Our project welcomes external contributions. A good way to familiarize yourself with the codebase and the contribution process is to look for and address issues in the issue tracker.
To contribute code or documentation, please submit a pull request; and please quickly get in touch with us before embarking on a more ambitious contribution.
Note: We appreciate your effort, and want to avoid a situation where a contribution requires extensive rework (by you or by us), sits in backlog for a long time, or cannot be accepted at all!
If you would like to implement a new feature, please raise an issue before sending a pull request so that the proposed feature can be discussed first. This is to avoid putting an effort on a feature that the project developers would not be able to accept into the code base.
If you would like to fix a bug, please raise an issue before sending a pull request so that the bug fix can be tracked properly.

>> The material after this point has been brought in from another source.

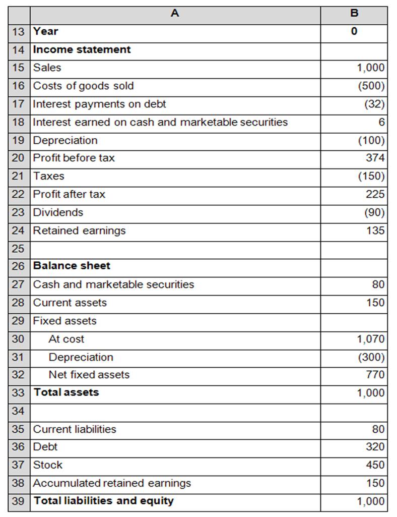 אנו רוצים ליצור תחזית של הדו"חות הפיננסיים של הפירמה. המכירות של השנה האחרונה שהסתיימה (שנה 0) הם 1,000. דו"ח רווח והפסד (Income Statement) ודו"ח המאזן (Balance Sheet) של השנה האחרונה (שנה 0) מצורפים בגיליון הבא:

The project maintainers use LGTM (Looks Good To Me) in comments on the code review to indicate acceptance. A change requires LGTMs from two of the maintainers of each component affected.
For a list of the maintainers, please see the maintainers page.
Each source file must include a license header for the Apache Software License 2.0. Using the SPDX format is the simplest approach. For example,
/*
Copyright <holder> All Rights Reserved.
SPDX-License-Identifier: Apache-2.0
*/
We have tried to make it as easy as possible to make contributions. This applies to how we handle the legal aspects of contribution. We use the same approach - the Developer's Certificate of Origin 1.1 (DCO) - that the Linux® Kernel community uses to manage code contributions.
We simply ask that when submitting a patch for review, the developer must include a sign-off statement in the commit message.
Here is an example Signed-off-by line, which indicates that the submitter accepts the DCO:
Signed-off-by: John Doe <[email protected]>
You can include this automatically when you commit a change to your local git repository using the following command:
git commit -s
Please feel free to connect with us on our Slack channel or via email. Note that the projects in this repository are not formal products. As a result, the communication channels are to the maintainers and not to a support staff.
The documentation is a work in progress but should provide a good overview on how to get started with the project.
We follow the LLVM Coding standards in this project. There is a .clang-format
file in the master repo clang-format that can be used in conjunction with ClangFormat Tool to automatically format code. For linting,
we use Clang Tidy Linter. This is referenced in the Makefile.